What is expected: After locating the line with "Fabrica GIGABYTE din Nanping a", set down that line and all the lines that follow it, unchanged, to the end of the records; omit the pictures.

Stored dataset items:

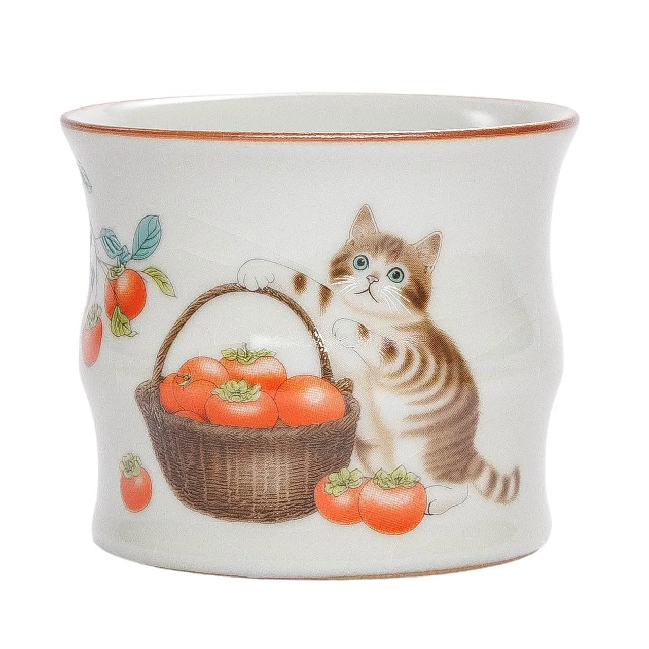 Піала «Кіт і хурма» виготовлена з кераміки Дэхуа та належить до серії з теплим сюжетним декором. Піала має форму, натхненну бамбуком: плавні вертикальні переходи надають виробу виразного силуету та роблять його приємним у використанні.
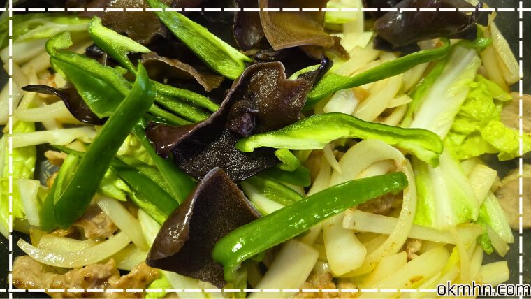 6. 玉ねぎ→白菜→ピーマン→キクラゲを30秒くらい時間差で入れて炒め合わせる
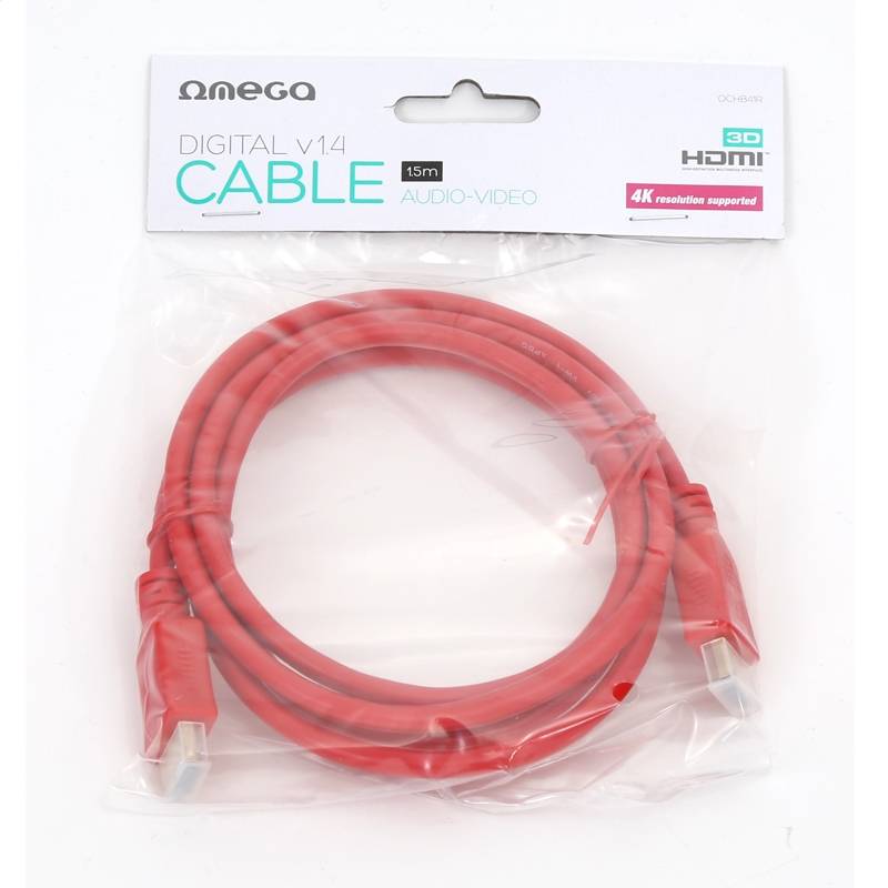 CABLE HDMI NUMERIQUE OMEGA V1.4 - LONGUEUR 1.5M - ROUGE - sachet
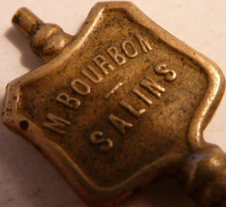 Clef publicitaire en laiton avec l'inscription "M BOURBON A SALINS".
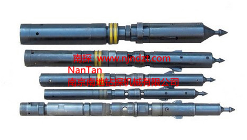取芯鉆桿鉆具是一種不提鉆而從鉆桿內(nèi)撈取巖芯的鉆井工具。它具有鉆進(jìn)效率高,巖心采取率高,鉆頭壽命長,勞動強度小等優(yōu)點。隨著鉆孔深度的加深,其優(yōu)勢更為明顯。整套鉆具包括鉆具總成、鉆桿、加厚鉆桿、提引器、打撈器、夾持器、電動或柴油機(jī)驅(qū)動繩索絞車和金剛石自由鉗等部件。
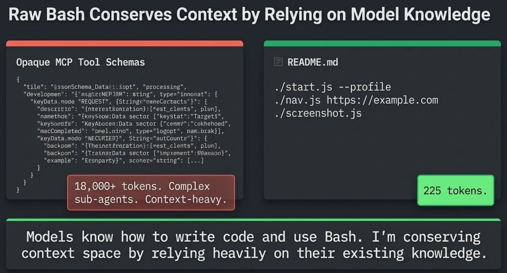 His solution was minimal bash scripts documented in a README. The agent reads the README, understands the tools, calls them directly. His browser toolkit went from thousands of tokens of tool schemas down to 225 tokens of documentation. And the key insight behind the savings: "This efficiency comes from the fact that models know how to write code and use Bash. I'm conserving context space by relying heavily on their existing knowledge." You don't need a tool schema to teach Claude how to make an HTTP request. Claude already knows curl. What it needs is the authentication pattern and the endpoint structure -- documentation, not abstraction.
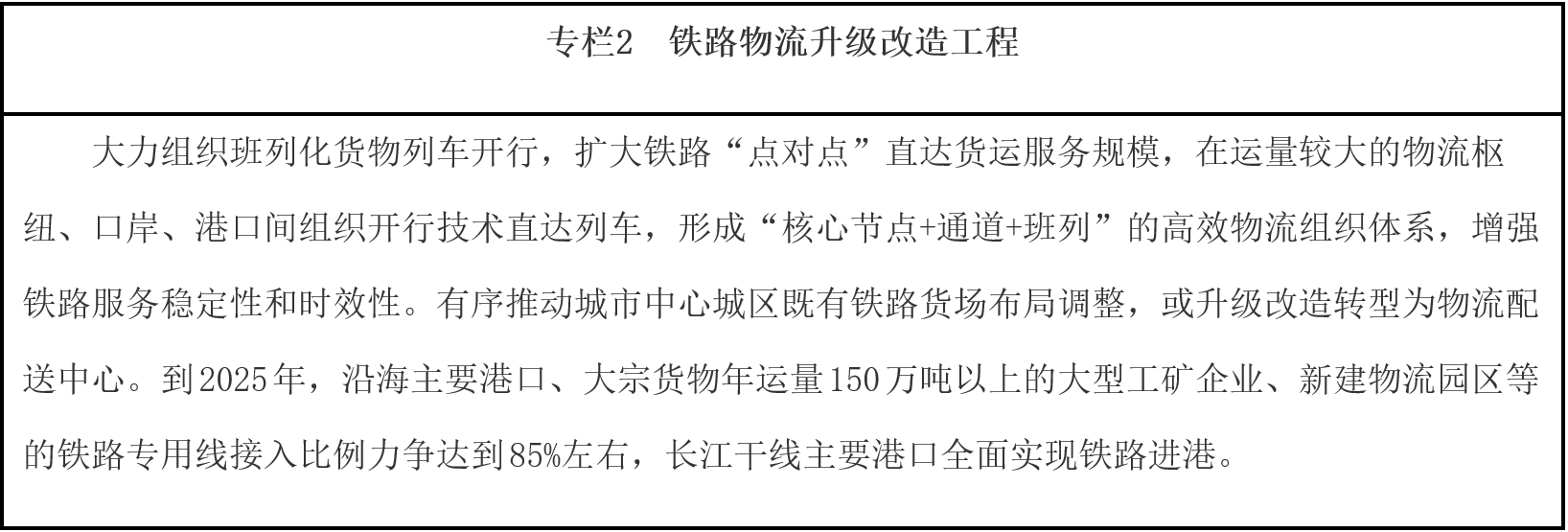 推進(jìn)結(jié)構(gòu)性降成本。加快推進(jìn)鐵路專用線進(jìn)港區(qū)、連園區(qū)、接廠區(qū),合理有序推進(jìn)大宗商品等中長(zhǎng)距離運(yùn)輸“公轉(zhuǎn)鐵”、“公轉(zhuǎn)水”。完善集裝箱公鐵聯(lián)運(yùn)銜接設(shè)施,鼓勵(lì)發(fā)展集拼集運(yùn)、模塊化運(yùn)輸、“散改集”等組織模式,發(fā)揮鐵路干線運(yùn)輸成本低和公路網(wǎng)絡(luò)靈活優(yōu)勢(shì),培育有競(jìng)爭(zhēng)力的“門到門”公鐵聯(lián)運(yùn)服務(wù)模式,降低公鐵聯(lián)運(yùn)全程物流成本。統(tǒng)籌沿海港口綜合利用,提升大型港口基礎(chǔ)設(shè)施服務(wù)能力,提高碼頭現(xiàn)代化專業(yè)化規(guī)?;?,加快推進(jìn)鐵水聯(lián)運(yùn)銜接場(chǎng)站改造,提高港口鐵路專用線集疏網(wǎng)絡(luò)效能,優(yōu)化作業(yè)流程。完善內(nèi)河水運(yùn)網(wǎng)絡(luò),統(tǒng)籌江海直達(dá)、江海聯(lián)運(yùn)發(fā)展,發(fā)揮近海航線、長(zhǎng)江水道、珠江水道等水運(yùn)效能,穩(wěn)步推進(jìn)貨物運(yùn)輸“公轉(zhuǎn)水”。推進(jìn)鐵水聯(lián)運(yùn)業(yè)務(wù)單證電子化,促進(jìn)鐵路、港口信息互聯(lián),實(shí)現(xiàn)鐵路現(xiàn)車、裝卸車、貨物在途、到達(dá)預(yù)確報(bào)以及港口裝卸、貨物堆存、船舶進(jìn)出港、船期艙位預(yù)定等鐵水聯(lián)運(yùn)信息交換共享。支持港口、鐵路場(chǎng)站加快完善集疏運(yùn)油氣管網(wǎng),有效對(duì)接石化等產(chǎn)業(yè)布局,提高管道運(yùn)輸比例。
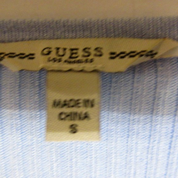 Guess Knitwear Zip Up Fitted Cardigan Long Sleeve Blue Skinny Small Woman 73% Viscose 23% Polyamide Hand wash (maximum temperature 30℃), wash with like colors, use mild detergent, do not soak, reshape whilst damp Made in China, good condition
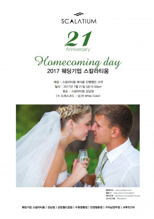웨딩문화를 통해 복합문화공간을 지향하는 스칼라티움이 올해 21주년을 맞았다. 이를 기념해 오는 21일 ‘2017 웨딩기업 스칼라티움 홈커밍데이’를 진행한다. 행사에는 약 1000명의 고객이 초청된다. ‘인연지기’라는 회사 슬로건 아래 스칼라티움에서 결혼식을 올린 신랑과 신부가 초대되며 ‘스칼라티움 멤버십 서비스’가 제공된다.
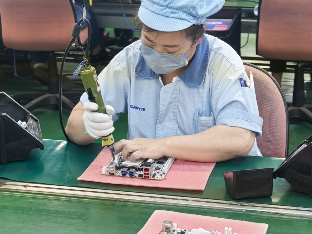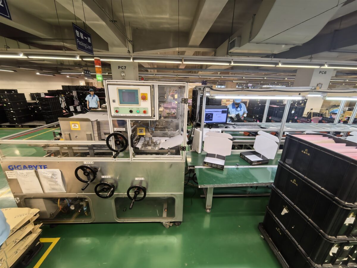 Fabrica GIGABYTE din Nanping a fost deschisă în 2000, aici lucrează momentan în jur de 1.000 de angajați din totalul de circa 7.500 care activează la nivel mondial. Din cei 1.000 de angajați, peste 70% sunt în cadrul GIGABYTE de mai bine de 15 ani, din nou o cifră care mi se pare extrem de interesantă. Aparte de fabrica din Nanping, Taiwan, GIGABYTE mai are două locații de producție, ambele în China – Ning-Bo și Dong-Guan. Fiecare dintre acestea are capacități de producție cu mult mai mari decât fabrica GIGABYTE din Nanping, unde sunt produse lunar în jur de 470.000 unități. Ce înseamnă unități și cum sunt repartizate? Ei bine, de pe liniile de producție ies câte 200.000 de plăci de bază și plăci video, adică 400.000 unități. Apoi, mai sunt produse câte 20.000 de servere, data centere și produse încorporate / IoT, pentru ca restul de 10.000 să fie reprezentate de unități desktop PC și anumite periferice.
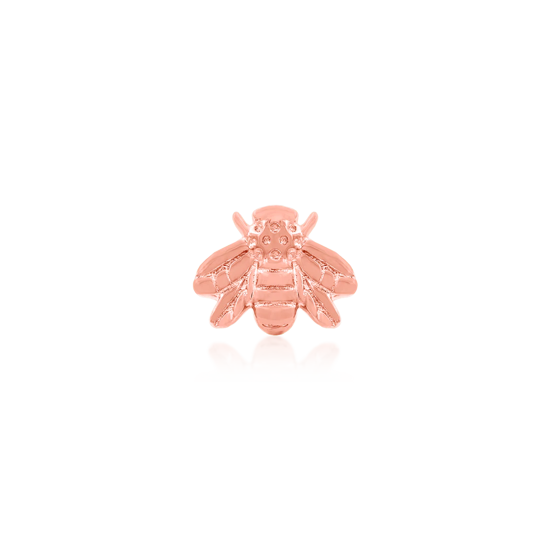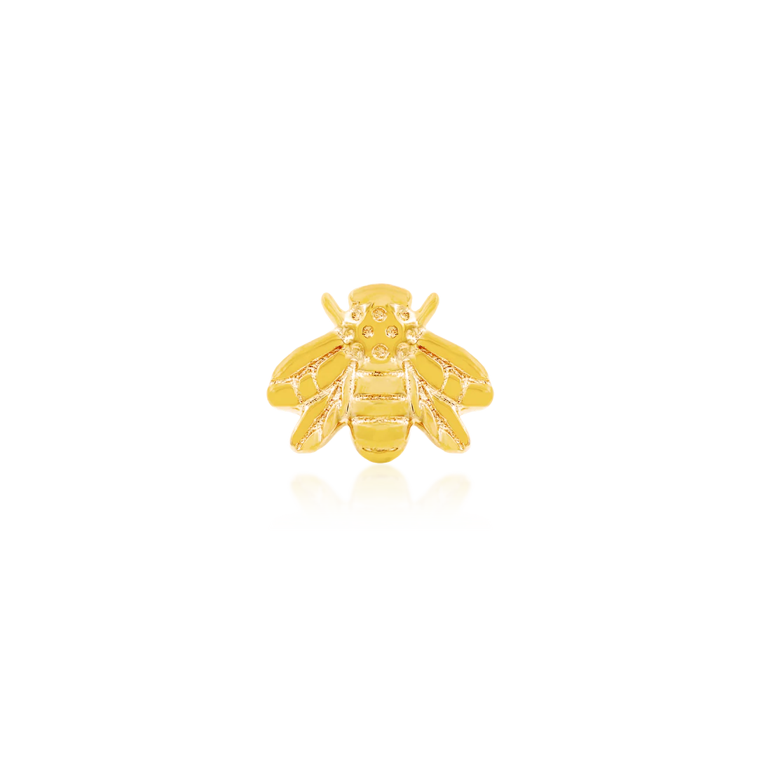 The Gold Bee piece is a favourite in body jewelry, especially ear jewelry projects. They can be worn stacked, paired with rings or other studs. This threadless decorative end is available in 14 karat Yellow Gold, White Gold and Rose Gold options. They measure 6.75mm x 5.20mm.

Written response:
 Fabrica GIGABYTE din Nanping a fost deschisă în 2000, aici lucrează momentan în jur de 1.000 de angajați din totalul de circa 7.500 care activează la nivel mondial. Din cei 1.000 de angajați, peste 70% sunt în cadrul GIGABYTE de mai bine de 15 ani, din nou o cifră care mi se pare extrem de interesantă. Aparte de fabrica din Nanping, Taiwan, GIGABYTE mai are două locații de producție, ambele în China – Ning-Bo și Dong-Guan. Fiecare dintre acestea are capacități de producție cu mult mai mari decât fabrica GIGABYTE din Nanping, unde sunt produse lunar în jur de 470.000 unități. Ce înseamnă unități și cum sunt repartizate? Ei bine, de pe liniile de producție ies câte 200.000 de plăci de bază și plăci video, adică 400.000 unități. Apoi, mai sunt produse câte 20.000 de servere, data centere și produse încorporate / IoT, pentru ca restul de 10.000 să fie reprezentate de unități desktop PC și anumite periferice.
 The Gold Bee piece is a favourite in body jewelry, especially ear jewelry projects. They can be worn stacked, paired with rings or other studs. This threadless decorative end is available in 14 karat Yellow Gold, White Gold and Rose Gold options. They measure 6.75mm x 5.20mm.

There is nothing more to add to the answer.